* **Exercise goal**:
In the entries below, find the line with "Featuring a pink" and the line with "Rolinhos de massa". Repeat exactly everything between them, those two lines included, but not the pictures.

* **Records supplied**:
+===+

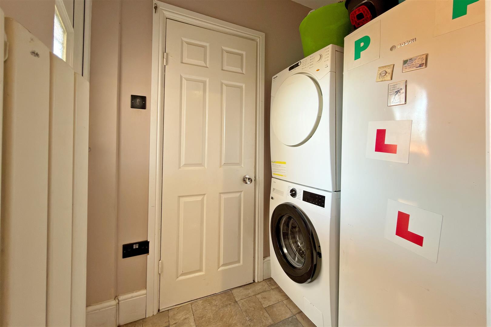 Double glazed window, double glazed door to rear garden. Smooth ceiling, spotlights, radiator, plumbing and power for washing machine and tumble dryer.
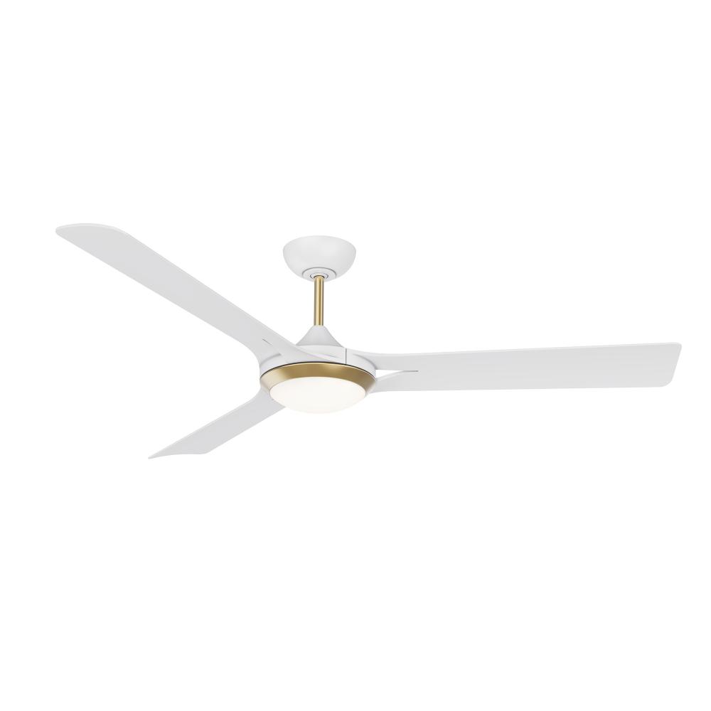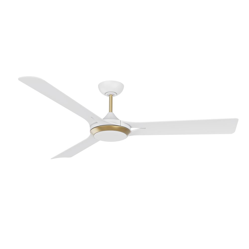 ORI 60 in. 3 Blade DC Motor Ceiling Fan with LED Light Kit and Remote Control in a Matte White & Oilcan Brass finish with White blades
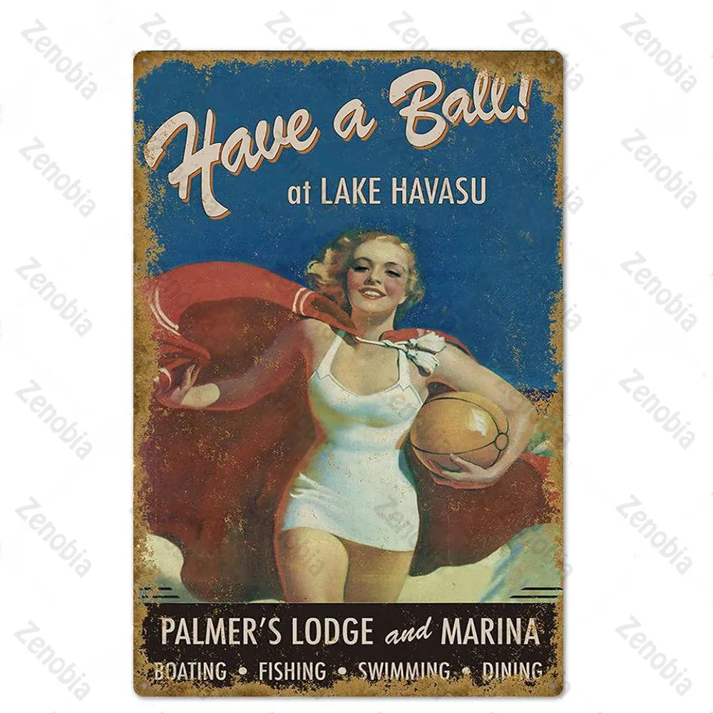 Винтажный металлический жестяной знак, обнаженные сексуальные посте...
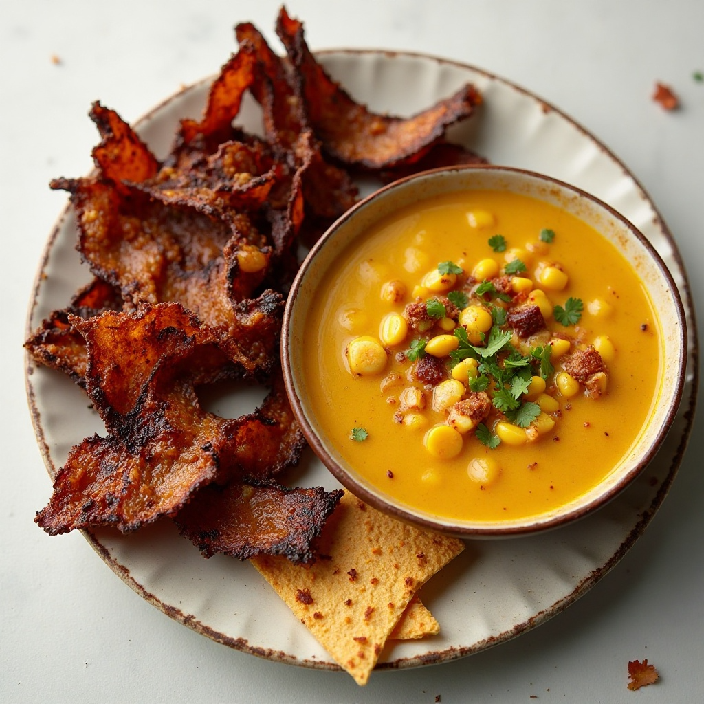 - Sirve la sopa de maíz caliente con un trozo de Cecina de Venado a un lado. Acomoda los ingredientes de manera estética y acompáñala con tostadas o tortillas para una textura crujiente.
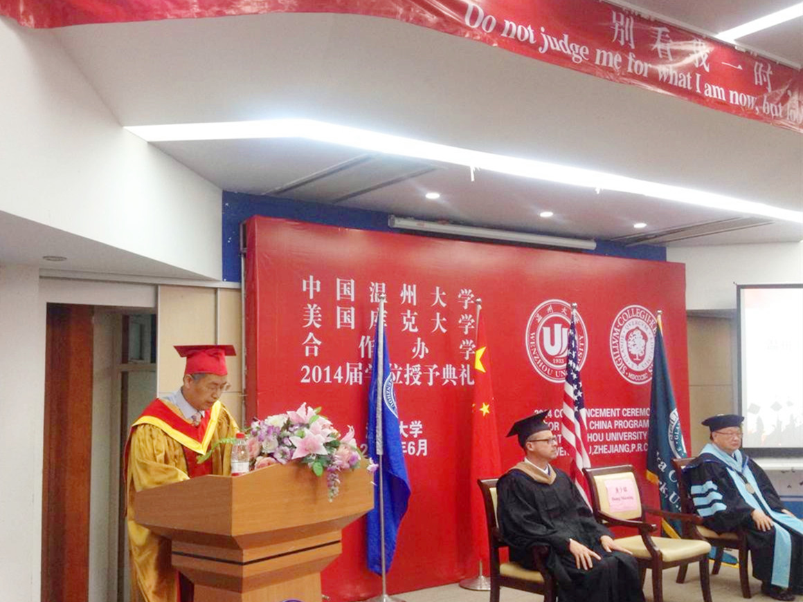 在严晓鹏院长宣布了2014届毕业生学业优秀奖获奖名单和生涯规划暨体验教育优秀奖获奖名单后,隆重而温馨的学位授予典礼正式开始。双方校领导分别为一一上台的45位美国库克大学管理学学士学位获得者颁发证书、拨穗,并为优秀学业奖获得者、优秀生涯规划暨体验教育奖获得者授予绶带。看着穿着学士服的子女手捧学位证书与中美两校校长合影,参加典礼的家长无不动容,他们的付出与期盼终于在此时化为现实。
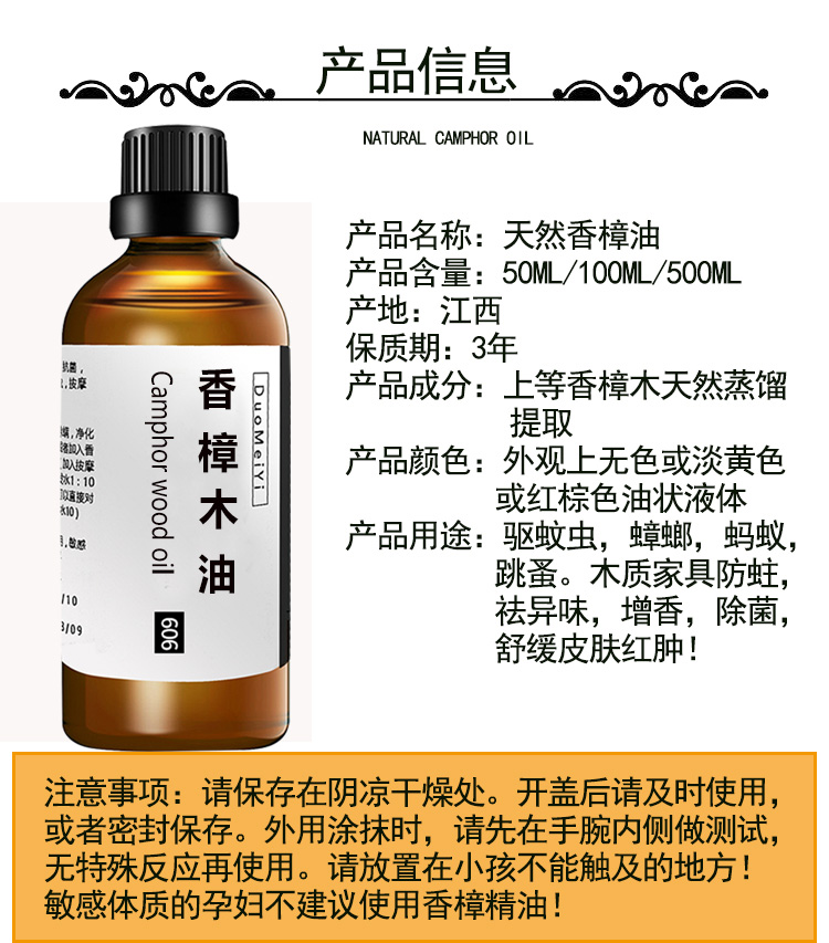 天然樟脑纯精油香樟木油消毒杀菌止痒木家具防霉防蛀驱虫蟑螂跳蚤
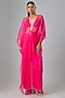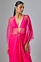 Featuring a pink front knot cover-up in silk organza base. It is paired with a silk lycra satin bikini and trousers. Accentuate it with statement earrings and heels for a vacation or beach wear.
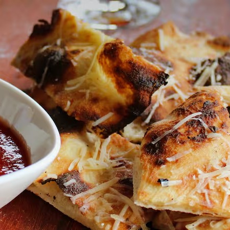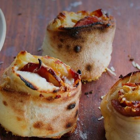Rolinhos de massa recheados com mozzarela fior de latte, calabresa e parmesão gratinado. Acompanha molho de tomate temperado (6 unidades).
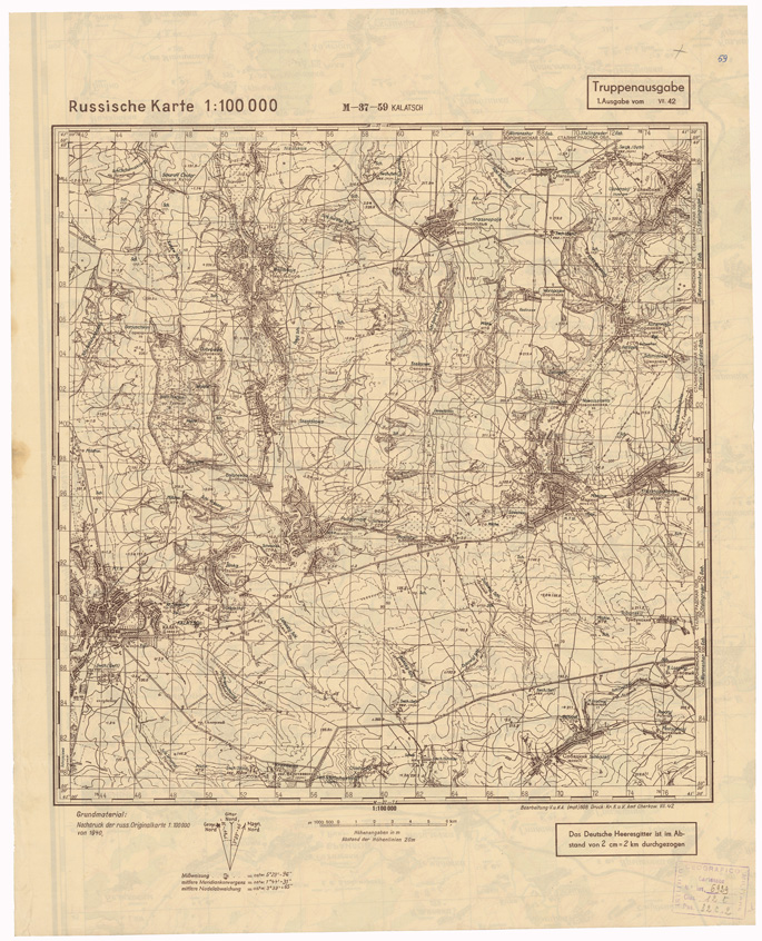 RUSSIA - RUSSISCHE KARTE (RIPRODUZIONE TEDESCA DELLA CARTA ORIGINALE DELLO S.M. DELL'ESERCITO ROSSO) Foglio M-37-59 Kalatsch
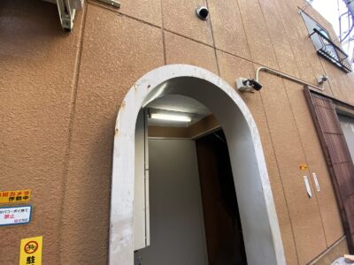 外壁に壁つなぎアンカー打ちを行い、1階の建物入り口は出入りが出来るような組立を行いパイプコーナーガードなどを要所に設置します。
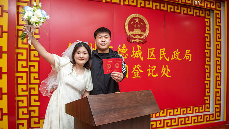 May 20th has become a peak wedding registration day for young people in China in recent yearse due to its homophonic "I love you". Click the video to share their happiness.
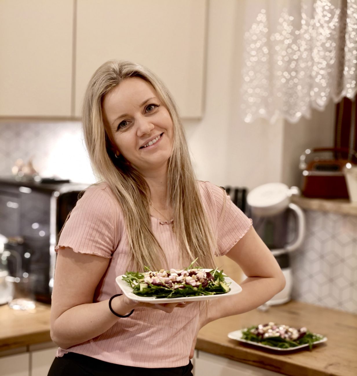 – Prowadzę zdrową kuchnię. Jest w niej dużo warzyw, ziół, dobrej jakości mięso, wiejskie jaja. Mogę dodać, że to jest tradycyjna kuchnia – nasza polska. Często króluje u mnie obiad składający się z dwóch dań. Bardzo lubimy rozgrzewające zupy min. krupnik, kapuśniak czy ogórkową. Domowe gołąbki, gulasz z kasza gryczaną czy wątróbka z cebulką to zdecydowanie nasze smaki – tłumaczy.
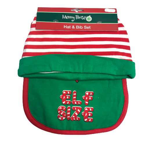 Merry Brite Baby Christmas Hat & Bib Set Striped Elf Gingerbread Santa Holiday
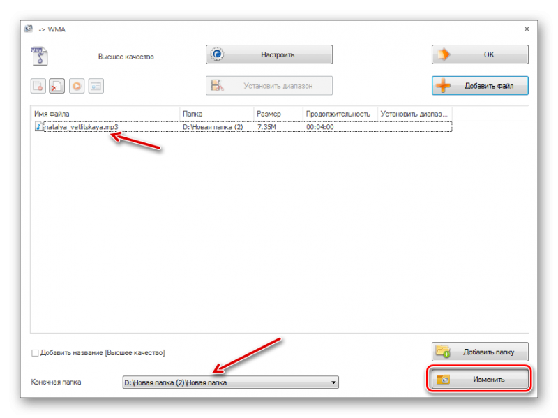 - В открывшемся окне выделите файл, который вы хотите преобразовать. Если же вам необходимо провести эту операцию с несколькими файлами, то выделяйте их все. Как было сказано выше, данная программа может работать с несколькими файлами одновременно. Затем будет открыто окно, где вы увидите все выбранные вами и уже готовые к преобразованию материалы. Также, можно увидеть, куда будет сохранён файл: «Конечная папка». Если вам необходимо поместить файл в определённую папку, то кликните «Изменить».
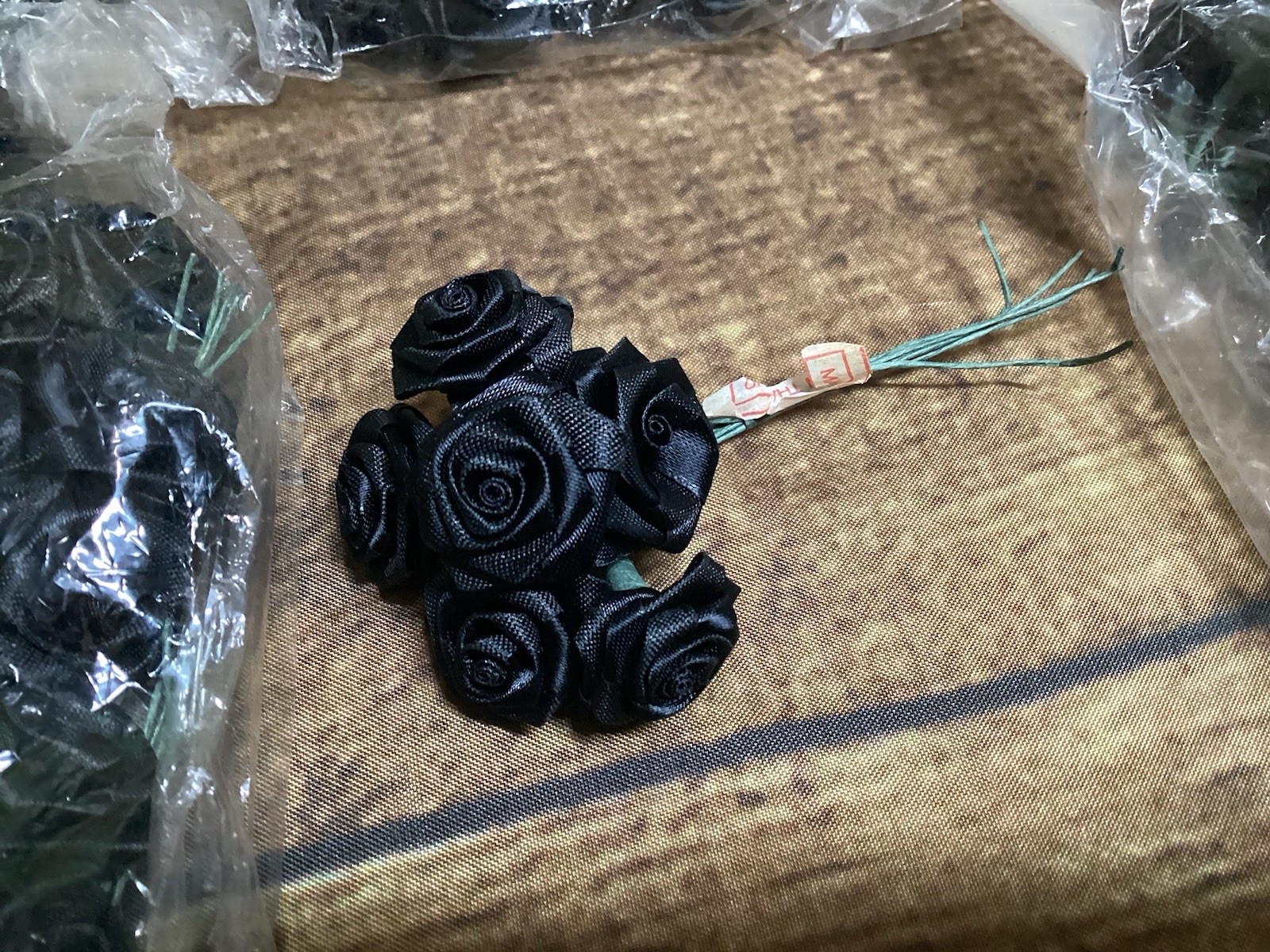 504 Vintage 5/8 Black Satin Ribbon Rose Flowers Wire Stem Wedding Crafts NOS
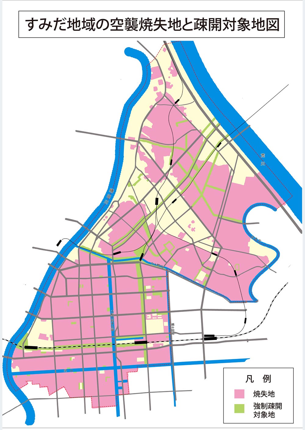 昭和16年(1941)12月に始まったアジア太平洋戦争。アメリカ軍が初めて東京を空襲したのは昭和17年(1942)4月18日、B25による奇襲攻撃だ。昭和19年(1944)11月24日にはB29が航空機関連工場を第一目標に爆撃。これを機に東京は恒常的に空襲にさらされる。昭和20年(1945)3月10日の東京大空襲ではついに市街地を焼夷弾で焼き払うことが目的に。4、5月にも空襲を受けた墨田区は区全体で約半分、本所地域は95%が焼失。終戦までに東京の空襲は約100回にも及んだ。
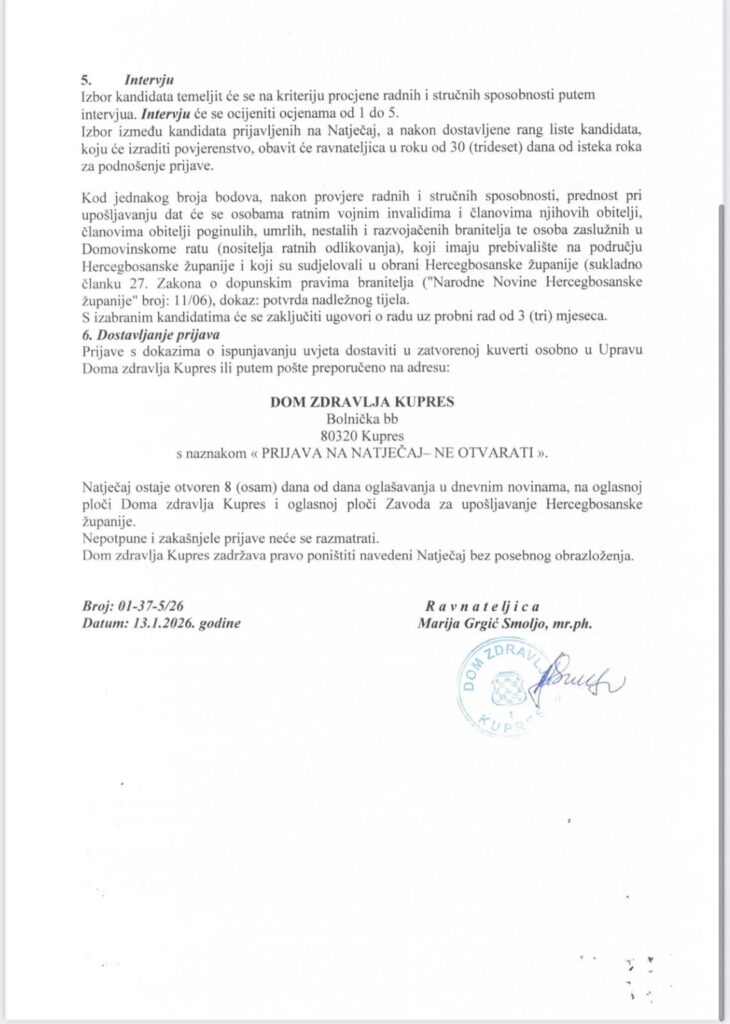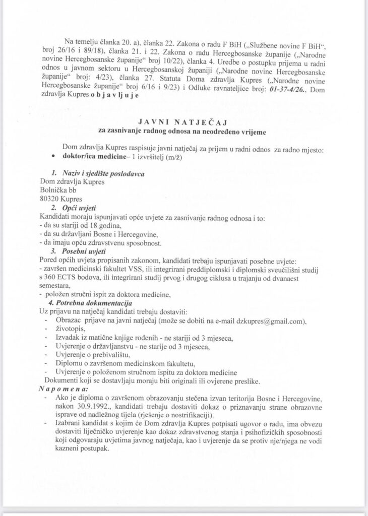 Javni natječaj za prijem u radni odnos za radno mjesto doktor/ica medicine, jedan izvršitelj. Liječniku se nudi stan na korištenje u blizini Doma zdravlja Kupres. Sve uvjete pogledajte na;
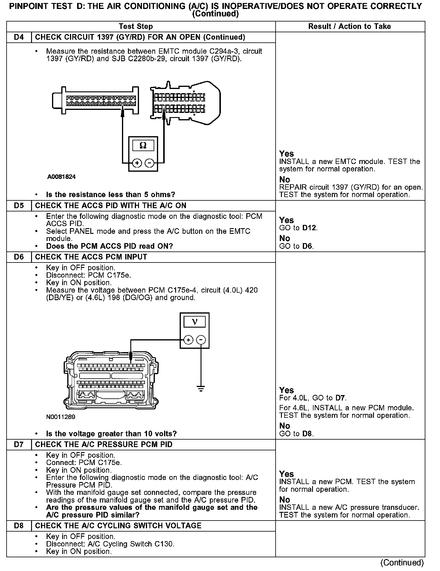 Test D: The Air Conditioning (A/C) Is Inoperative/Does Not Operate Correctly

+===+

* **Solution to the problem**:
 Featuring a pink front knot cover-up in silk organza base. It is paired with a silk lycra satin bikini and trousers. Accentuate it with statement earrings and heels for a vacation or beach wear.
Rolinhos de massa recheados com mozzarela fior de latte, calabresa e parmesão gratinado. Acompanha molho de tomate temperado (6 unidades).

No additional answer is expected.